I have written a Python package hwrt which comes with a model.tar file. Neither the file itself nor the contents should bother users (they can take a look at it, it's not a secret - but they don't need it).

I need to work with files in that archive. To do so, I extract the contents and work with them:

import tarfile
tar = tarfile.open('model.tar in python package')
tar.extractall()
tar.close()
[... work with those files ...]

This works. However, I see two problems with this approach:

  1. The model.tar get extracted every time.
  2. The contained files get placed in the current working directory which might not be expected by the user.

To solve problem (2), it seems to me that creating a temporary folder in tempfile.gettempdir() would be the cleanest solution. However, I am not sure if that is the place where this should be done.

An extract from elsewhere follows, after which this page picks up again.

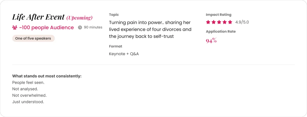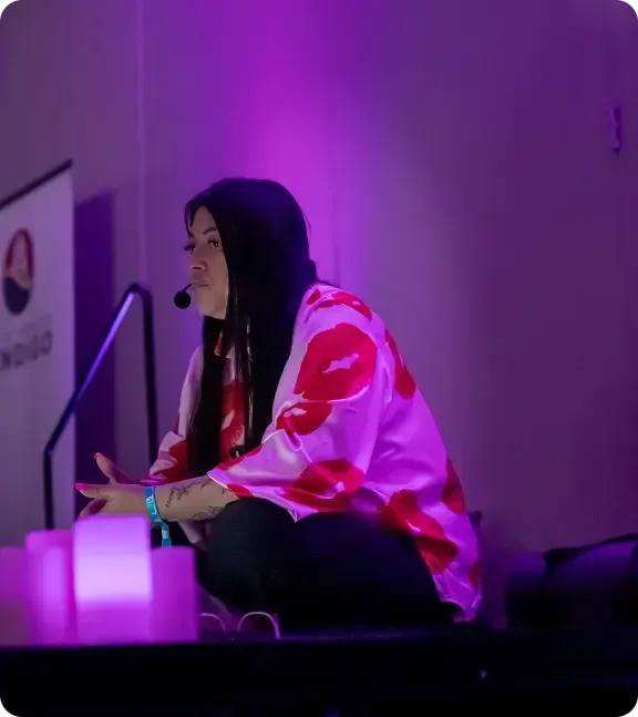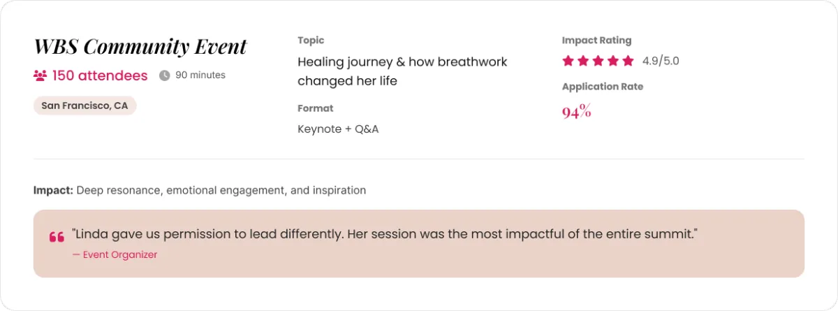 Blending storytelling, neuroscience, breathwork, and practical nervous-system tools, she creates an experience where people don’t just understand - they feel the shift.

Are there other archive formats where I can access the contents of the archive directly? Is there a directory where I can place files for my Python package (for all users) after it was installed?

Martin Thoma
  • 124,992
  • 159
  • 614
  • 958
  • Please use the `with` statement for opening files. – Veedrac Dec 05 '14 at 13:14
  • `tempfile.gettempdir` seems fine to me, but why can't you just extract the tarfile in the place where the tarfile *is*? – Veedrac Dec 05 '14 at 13:15
  • ``model.tar`` contents are really temporary? As far as I understand you will access such contents quite often. Am I right? – Fabio Menegazzo Dec 05 '14 at 13:26
  • @Veedrac: I am not sure where Python packages get placed and if the program has the permission to write there. If that is the case, then this would be the answer to my question. – Martin Thoma Dec 05 '14 at 13:30
  • @Menegazzo: Yes, you are correct. `model.tar` does not change. I might access the contents several hundred (or thousands) times per program execution, but at least once. However, I read the contents only once (their size is about ~10MB). – Martin Thoma Dec 05 '14 at 13:32

1 Answers1

0

If the file is only ~10MB, just read it into RAM. Your later thousands of accesses will thank you.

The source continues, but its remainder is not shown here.